Creating a sense of place is the key for landscape architects

Creating a sense of place is the key for landscape architects

The serene and dignified Omagh Bomb Memorial has picked up one of this year’s Irish Landscape Institute awards, in the public realm category. Five other main prizes were given to three projects, as well as a course that trains people to assess and analyse the Irish landscape in order to help protect it and playspace guidelines for Dublin’s docklands.

The judges said the Omagh memorial, by landscape architect Desmond FitzGerald and artist Sean Hillen, marked: “A successful collaboration between artist, landscape architect and craftsmen.”

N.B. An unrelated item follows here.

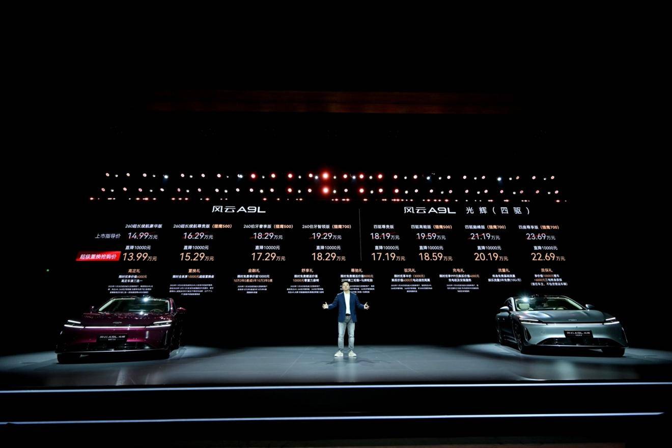 2025年11月15日,"进化"风云A9(参数|询价)L光辉(四驱)全球上市发布会在重庆广阳岛国际会议中心隆重举行,本次上市共推出四款版型,正式售价为17.19万元起,共推出四个版本车型,其中四驱尊贵版售价17.19万、四驱高能版(猎鹰(参数|询价)500)售价18.59万、四驱巅峰版(猎鹰700)售价20.19万、 四驱尊享版(猎鹰700)售价22.69万。并同步推出"九大购车权益",涵盖高定、置换、金融、舒享、尊驰、驭风、充电、流量、质保多重礼遇,为中国豪华汽车市场再次立下全新标杆。

Another link between a landscape architect and artists was heralded in the conservation and heritage award that went to Dermot Foley Landscape Architects for a parklands sculpture project at Lough Boora in Co Offaly which the judges said was “a sophisticated and imaginative project, which resolves a conflict between its two heritages – industry and ecology”. This shows what can be done with spent bogs.

A garden which is designed to be easily built and provide a good space for growing vegetables, playing and living in nabbed the residential landscape award for Sophie Giglin von Maltzan. It was described as: “A fantastically simple but elegant and practical 21st century response to garden design on a restricted budget, providing every element of sustainability,” said the judges.

Stephen Diamond Associates picked up the commercial and institutional landscape award for his walled garden at the Dún Laoghaire Institute of Art, Design and Technology campus. It was: “A successful revival of the space into a contemporary format with appropriate consideration given to conservation of key elements.”